Dubai Marina is the market everyone prices from memory and almost nobody prices from data. As of Q2 2026, a one bedroom grosses 5.5 to 6.5 percent, with the interesting spread not between unit types but between tower generations. The 2003 to 2010 towers out yield the premium newer stock by a full point or more. Here is the breakdown, and why the oldest towers are quietly the best income buys in the area.

Dubai Marina rental yield by unit type
| Unit type | Typical price (Q2 2026) | Typical annual rent | Gross yield |
|---|---|---|---|
| Studio | Dh950,000 to Dh1,250,000 | Dh65,000 to Dh82,000 | 6.5% to 7.0% |
| 1 bedroom | Dh1,450,000 to Dh1,950,000 | Dh90,000 to Dh118,000 | 5.5% to 6.5% |
| 2 bedroom | Dh2,400,000 to Dh3,400,000 | Dh140,000 to Dh185,000 | 5.4% to 6.0% |
| 3 bedroom | Dh3,800,000 to Dh5,500,000 | Dh200,000 to Dh270,000 | 4.8% to 5.5% |
Price per square foot runs roughly Dh2,000 to Dh2,700 at the community level, with premium waterfront stock above Dh3,000. But the more useful split is by age: original Marina towers from the 2003 to 2010 wave trade at roughly Dh1,400 to Dh2,200 per square foot and yield 6.5 to 7 percent gross, while the newer premium stock trades at Dh2,500 plus and yields 5 to 5.5 percent. Same walk to the same metro station, one point of yield apart.
What drives Marina yields
- Supply has stopped growing. Marina is effectively built out. I wrote about the supply tightening earlier: with almost no new handovers inside the district, every year of Dubai population growth presses on a fixed stock of units.
- The deepest tenant pool in the city. Marina pulls western professionals, short stay demand, and the yacht and F and B economy simultaneously. Vacancy between tenancies stays short for correctly priced units; the constraint is almost always price, not demand.
- The old tower discount. The 2005 era towers carry dated lobbies and older gyms, and the market prices them like a defect. Tenants care much less than buyers do: rent gaps between old and new towers are far narrower than price gaps. That mismatch is the yield.
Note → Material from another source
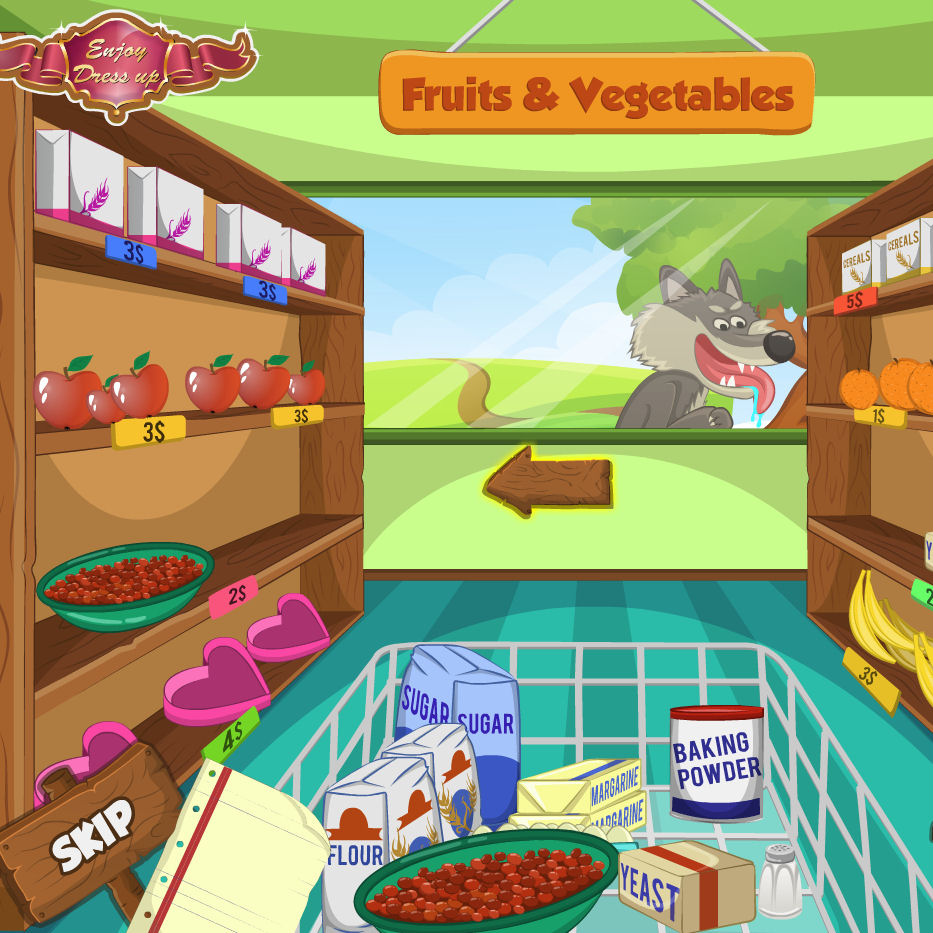 En el cuento de caperucita roja, la guapisima niña le lleva comida a su abuelita que la pobre esta un poco enferma. En este juego de ropa de caperucita roja, tendremos que ir primero a comprar los ingredientes para hacerle un pastel a la abuelita. Cuando tengamos todo, iremos a casa a cocinar el dulce, y una vez que lo tengamos, nos vestiremos adecuadamente para llevárselo. Por el camino hasta la casa de la abuelita cogeremos unas flores también para llevárselas.

What this means for buyers right now
If you want Marina income, buy the unfashionable tower. A Dh1.55 million one bedroom in an original tower renting at Dh100,000 is 6.5 percent gross; the same money buys a studio in the newest stock at 5.5 percent. The catch is running cost: older towers carry chiller arrangements and occasional capex assessments that newer buildings amortise quietly. Check whether cooling is billed as chiller free or paid because on a Marina one bedroom that single line is worth Dh6,000 to Dh10,000 a year. Then run the whole unit through the net yield calculator with real service charge numbers, and if you are weighing living there against renting there, my rent or buy calculator answers it with your own inputs.
What to check before you buy
- The service charge history for the specific tower, three years back. Marina ranges roughly Dh14 to Dh28 per square foot as of 2026 and old towers sit at both extremes.
- Chiller: included, capacity charged, or consumption billed to tenant. It changes both your net and what rent the market will bear.
- Any upcoming special assessments in old towers. One facade or elevator project can erase a year of yield.
- Signed rents for the exact tower in the RERA rental index; Marina asking rents run optimistic.
What this does not mean
It does not mean Marina beats the mid market on yield. It does not: JLT runs about a point higher and JVC more than that. What Marina offers is the best liquidity in Dubai, an effectively frozen supply side, and a tenant pool that does not thin out in soft quarters. If you need to exit in four weeks, Marina sells; that option has a price, and the price is yield. Treat the premium tower stock as an appreciation and lifestyle asset, and the original towers as the income play.
Is Dubai Marina a good investment in 2026?
For liquidity plus moderate income, yes. As of Q2 2026 expect 5.5 to 6.5 percent gross on one bedrooms, with older towers at the top of that range and premium new stock below it. Pure yield buyers do better in JLT or JVC.
What is the average rental yield in Dubai Marina?
Roughly 5.5 to 6.5 percent gross for one bedrooms and 6.5 to 7 percent for studios as of Q2 2026. Net of service charges, most units land between 4.3 and 5.3 percent.
Are old Marina towers worth buying?
For income, often yes. They trade 25 to 40 percent below new stock per square foot while renting only 8 to 15 percent lower, which is where the extra yield lives. Budget for older building capex and check the service charge history before committing.
Marina or JLT for a rental investment?
JLT for the higher number, Marina for the safer one. JLT yields roughly a point more; Marina gives you faster resale, shorter vacancy and a deeper tenant pool. Match the choice to whether income or optionality matters more to you.
Source data: DLD transaction file (Q2 2026), RERA rental index, Property Monitor. Ranges, not promises; verify against the current quarter.